Benchmade axis lock models and Spyderco ball lock models are easy to use with either hand. Benchmade thumb studs will unscrew for swapping with the application of a little heat to free the Locktite. Knives using the "Paul" lock system (Gerber, Lone Wolf, Benchmade) are almost as easy to use with the left hand as with the right.


----------



## anotherocduser (Jul 31, 2011)

check Emerson knives


----------



## Maxbo (Sep 1, 2011)

Spyderco military has a left hand model if you are looking for a large liner lock folder.


----------



## wquiles (Sep 5, 2011)

Incidentalist said:


> Chris Reeve offers the Sebenza in a left handed setup.



Yes, they do


----------



## red_hackle (Sep 5, 2011)

What a beauty!  

Got two small lefty Sebenzas (one plain; one with Micarta inlays) and couldn't be happier!


----------



## Photon Phreak (Sep 5, 2011)

I'm a lefty too! And, that is an outstanding sebbie!


----------



## wquiles (Sep 5, 2011)

Thank you guys. I bought to use it, and I "do" carry it daily. It is already showing some "character" marks from daily use 

Will


----------



## Bullzeyebill (Sep 6, 2011)

wquiles said:


> It is already showing some "character" marks from daily use
> 
> Will



 LOL

Bill


----------



## PlayboyJoeShmoe (Sep 7, 2011)

I VERY MUCH LOVE my SOG Twitch XL! It is a Lock Back and a flipper assisted opener. And the clip can be switched.

It has a blade of I do not know what steel, but they cryo treat it and it gets and stays SHARP!

Oh yeah! I almost forgot! It has a deep hide clip!


----------



## nguyet16 (Sep 24, 2011)

I have a Chris Reeve Umnumzaan lefty and love it...


----------



## kaichu dento (Sep 24, 2011)

gsr said:


> Here is another vote for Benchmade, particularly the AXIS Lock models. They are easily opened, closed, and carried righty or lefty.





mahoney said:


> Benchmade axis lock models and Spyderco ball lock models are easy to use with either hand. Benchmade thumb studs will unscrew for swapping with the application of a little heat to free the Locktite.

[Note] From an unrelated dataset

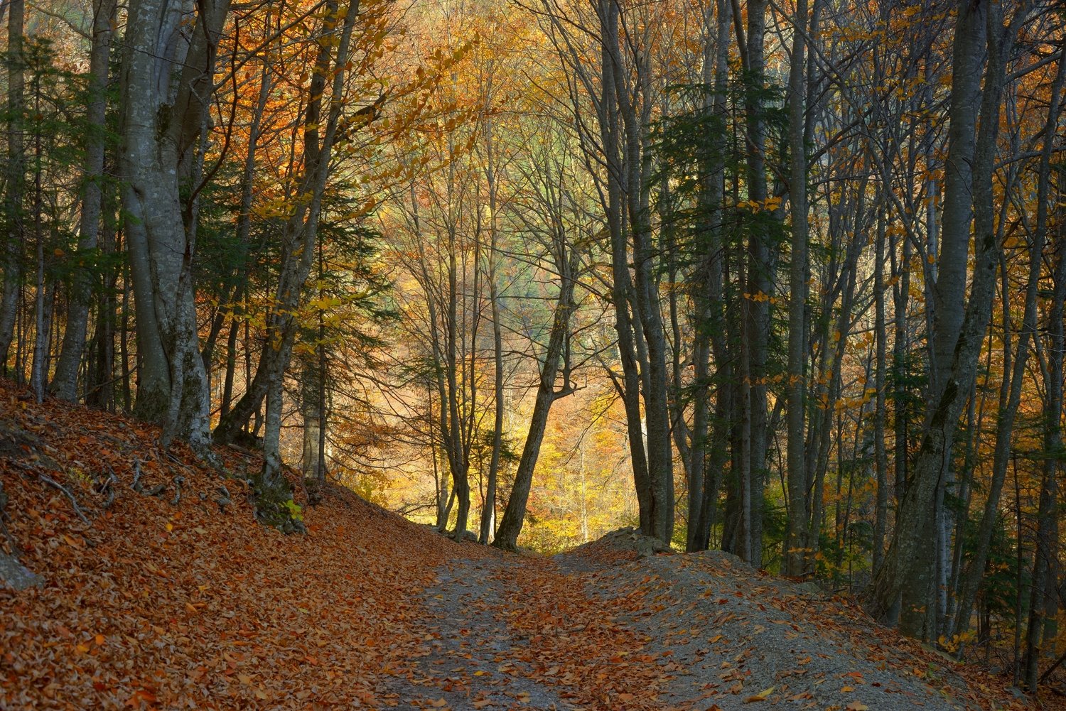 горы кавказ осень лес бук дорога, Александр Жарников

There are a lot of great knives available now, but my overall favorite is the Benchmade Axis models, and they're one of the absolute best for ambidextrous use.


----------



## red_hackle (Sep 24, 2011)

wquiles said:


> I bought to use it, and I "do" carry it daily. It is already showing some "character" marks from daily use
> 
> Will



As it should be! :thumbsup: IMHO there's much more joy in actually using great tools rather than just looking at them every once in a while!


----------



## Vortus (Sep 24, 2011)

Took the clip off my Spyperco SS SE Harpy and it works well in either pocket. Hehe If wanting weight then the all stainless models probably a good fit.


----------